━━ Data extract

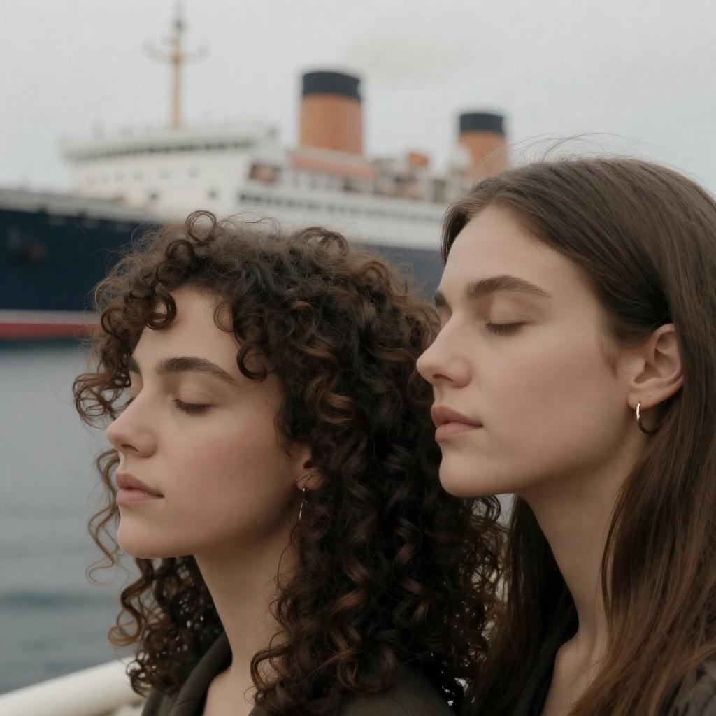 Photograph of two women with curly and straight brown hair leaning closely, eyes closed, wearing earrings. Large ocean liner with smokestacks in background, partially obscured by mist. Women's profiles in foreground, ship in background. Soft light.
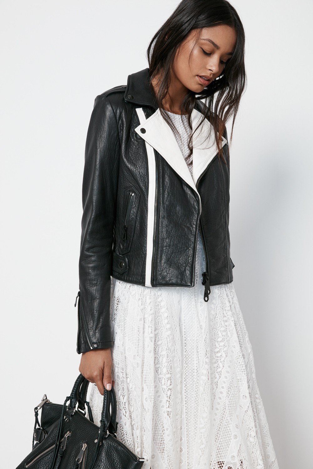 To shop around for more monochrome leather bikers, browse our edit below with similar styles from Rebecca Minkoff, G Star and more.
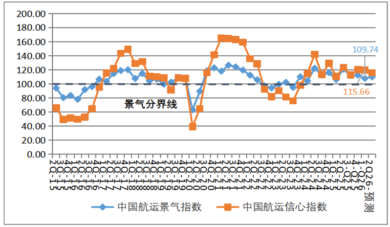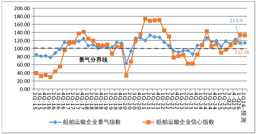 预计船舶运输企业经营指标基本向好。2026年第二季度,船舶运输企业景气指数预计为113.9点,较本季度上升0.27点,维持相对景气区间;船舶运输企业信心指数预计为132.95点,较本季度下降0.66点,维持较为景气区间。总体来看,预计2026年第二季度船舶运输企业经营状况持续向好,但企业家们对行业未来发展前景仍保持较强信心。集装箱运输企业的景气指数预计为108.78点,较本季度下降1.81点,降至微景气区间;集装箱运输企业的信心指数预计为82.22点,降至相对不景气区间。干散货运输企业景气指数预计为127.38点,较本季度上升8.48点,升至较为景气区间;干散货运输企业信心指数预计为174.75点,较本季度上升6.37点,维持较强景气区间。其中盈利情况景气指数112.58点,较本季度上升17.17点,进入相对景气区间。
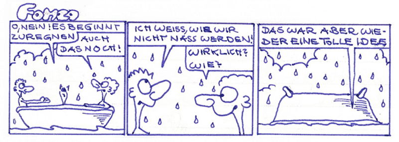 @Enzo: Du gehörst also auch wie ich zu der Gruppe Mensch, die panisch Angst hat, dass das Wasser aus der Badewanne ausläuft, während man drin sitzt. Da bin ich ja beruhigt, dass ich nicht der einzige bin :D . Ich brauch dann wohl nicht zu sagen, welcher der 3 Strips mein Favorit ist. Gonzo aus der Muppetshow musste ich erst mal googlen.

━━━━

Reproduce the whole listing exactly, but not the images in it.

 Photograph of two women with curly and straight brown hair leaning closely, eyes closed, wearing earrings. Large ocean liner with smokestacks in background, partially obscured by mist. Women's profiles in foreground, ship in background. Soft light.
 To shop around for more monochrome leather bikers, browse our edit below with similar styles from Rebecca Minkoff, G Star and more.
 预计船舶运输企业经营指标基本向好。2026年第二季度,船舶运输企业景气指数预计为113.9点,较本季度上升0.27点,维持相对景气区间;船舶运输企业信心指数预计为132.95点,较本季度下降0.66点,维持较为景气区间。总体来看,预计2026年第二季度船舶运输企业经营状况持续向好,但企业家们对行业未来发展前景仍保持较强信心。集装箱运输企业的景气指数预计为108.78点,较本季度下降1.81点,降至微景气区间;集装箱运输企业的信心指数预计为82.22点,降至相对不景气区间。干散货运输企业景气指数预计为127.38点,较本季度上升8.48点,升至较为景气区间;干散货运输企业信心指数预计为174.75点,较本季度上升6.37点,维持较强景气区间。其中盈利情况景气指数112.58点,较本季度上升17.17点,进入相对景气区间。
 @Enzo: Du gehörst also auch wie ich zu der Gruppe Mensch, die panisch Angst hat, dass das Wasser aus der Badewanne ausläuft, während man drin sitzt. Da bin ich ja beruhigt, dass ich nicht der einzige bin :D . Ich brauch dann wohl nicht zu sagen, welcher der 3 Strips mein Favorit ist. Gonzo aus der Muppetshow musste ich erst mal googlen.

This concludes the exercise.